### WORK REQUEST
Copy out the listing that follows, exactly, without its pictures.

### RAW DATA
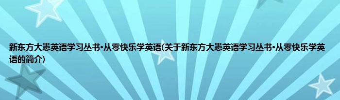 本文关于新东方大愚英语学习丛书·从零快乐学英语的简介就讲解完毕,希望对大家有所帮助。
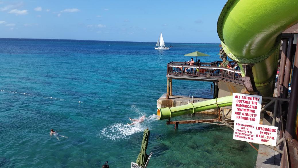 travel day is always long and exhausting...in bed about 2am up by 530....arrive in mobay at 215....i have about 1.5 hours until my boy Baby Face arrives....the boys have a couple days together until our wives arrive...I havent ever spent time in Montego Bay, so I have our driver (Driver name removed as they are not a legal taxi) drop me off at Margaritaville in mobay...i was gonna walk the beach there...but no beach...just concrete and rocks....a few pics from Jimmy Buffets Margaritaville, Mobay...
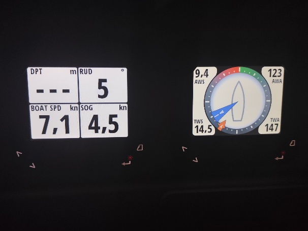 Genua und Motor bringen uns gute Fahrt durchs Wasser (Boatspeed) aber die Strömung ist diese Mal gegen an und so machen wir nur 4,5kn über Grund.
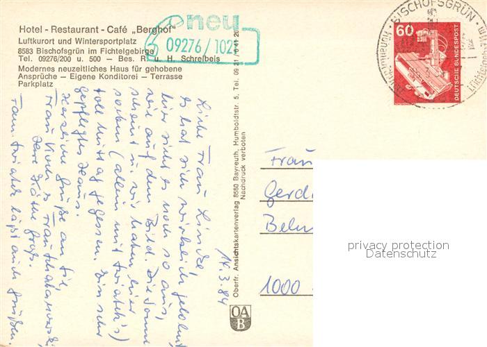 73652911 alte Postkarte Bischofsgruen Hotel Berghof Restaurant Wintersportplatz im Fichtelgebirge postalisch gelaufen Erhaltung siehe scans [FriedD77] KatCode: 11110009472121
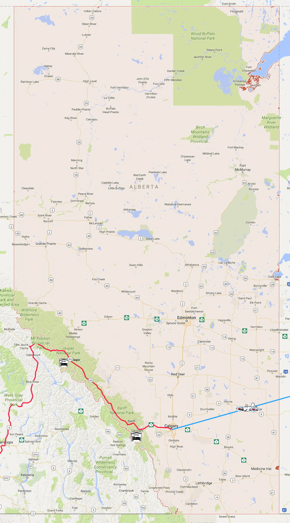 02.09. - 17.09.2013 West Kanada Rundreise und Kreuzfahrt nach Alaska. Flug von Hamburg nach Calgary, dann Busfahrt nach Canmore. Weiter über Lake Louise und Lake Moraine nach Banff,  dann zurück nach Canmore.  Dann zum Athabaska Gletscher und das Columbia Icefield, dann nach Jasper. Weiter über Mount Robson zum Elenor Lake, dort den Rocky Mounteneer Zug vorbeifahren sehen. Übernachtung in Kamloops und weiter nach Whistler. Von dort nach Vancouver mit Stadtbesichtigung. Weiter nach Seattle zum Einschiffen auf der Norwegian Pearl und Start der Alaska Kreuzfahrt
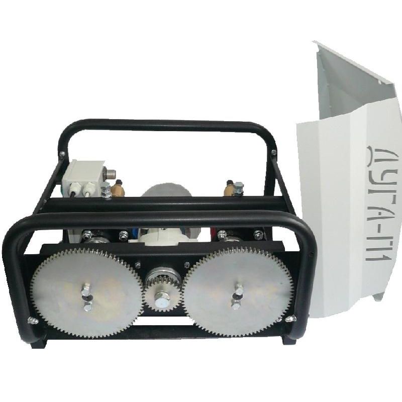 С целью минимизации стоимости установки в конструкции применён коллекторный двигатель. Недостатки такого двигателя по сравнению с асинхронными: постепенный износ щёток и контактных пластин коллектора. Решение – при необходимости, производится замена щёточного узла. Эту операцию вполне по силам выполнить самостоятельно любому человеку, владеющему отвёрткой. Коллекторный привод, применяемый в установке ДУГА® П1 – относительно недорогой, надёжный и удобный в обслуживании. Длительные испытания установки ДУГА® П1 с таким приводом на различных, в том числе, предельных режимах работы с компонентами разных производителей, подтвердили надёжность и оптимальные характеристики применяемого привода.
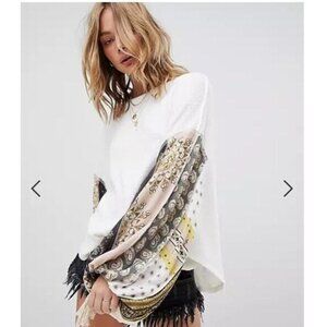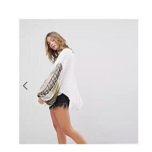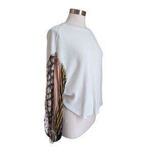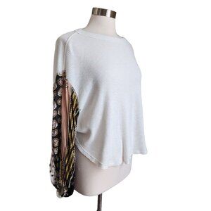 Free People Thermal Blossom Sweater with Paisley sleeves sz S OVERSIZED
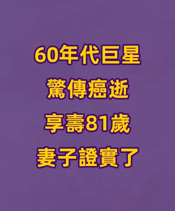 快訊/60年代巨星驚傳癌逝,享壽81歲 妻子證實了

### EXERCISE ANSWER
 本文关于新东方大愚英语学习丛书·从零快乐学英语的简介就讲解完毕,希望对大家有所帮助。
 travel day is always long and exhausting...in bed about 2am up by 530....arrive in mobay at 215....i have about 1.5 hours until my boy Baby Face arrives....the boys have a couple days together until our wives arrive...I havent ever spent time in Montego Bay, so I have our driver (Driver name removed as they are not a legal taxi) drop me off at Margaritaville in mobay...i was gonna walk the beach there...but no beach...just concrete and rocks....a few pics from Jimmy Buffets Margaritaville, Mobay...
 Genua und Motor bringen uns gute Fahrt durchs Wasser (Boatspeed) aber die Strömung ist diese Mal gegen an und so machen wir nur 4,5kn über Grund.
 73652911 alte Postkarte Bischofsgruen Hotel Berghof Restaurant Wintersportplatz im Fichtelgebirge postalisch gelaufen Erhaltung siehe scans [FriedD77] KatCode: 11110009472121
 02.09. - 17.09.2013 West Kanada Rundreise und Kreuzfahrt nach Alaska. Flug von Hamburg nach Calgary, dann Busfahrt nach Canmore. Weiter über Lake Louise und Lake Moraine nach Banff,  dann zurück nach Canmore.  Dann zum Athabaska Gletscher und das Columbia Icefield, dann nach Jasper. Weiter über Mount Robson zum Elenor Lake, dort den Rocky Mounteneer Zug vorbeifahren sehen. Übernachtung in Kamloops und weiter nach Whistler. Von dort nach Vancouver mit Stadtbesichtigung. Weiter nach Seattle zum Einschiffen auf der Norwegian Pearl und Start der Alaska Kreuzfahrt
 С целью минимизации стоимости установки в конструкции применён коллекторный двигатель. Недостатки такого двигателя по сравнению с асинхронными: постепенный износ щёток и контактных пластин коллектора. Решение – при необходимости, производится замена щёточного узла. Эту операцию вполне по силам выполнить самостоятельно любому человеку, владеющему отвёрткой. Коллекторный привод, применяемый в установке ДУГА® П1 – относительно недорогой, надёжный и удобный в обслуживании. Длительные испытания установки ДУГА® П1 с таким приводом на различных, в том числе, предельных режимах работы с компонентами разных производителей, подтвердили надёжность и оптимальные характеристики применяемого привода.
 Free People Thermal Blossom Sweater with Paisley sleeves sz S OVERSIZED
 快訊/60年代巨星驚傳癌逝,享壽81歲 妻子證實了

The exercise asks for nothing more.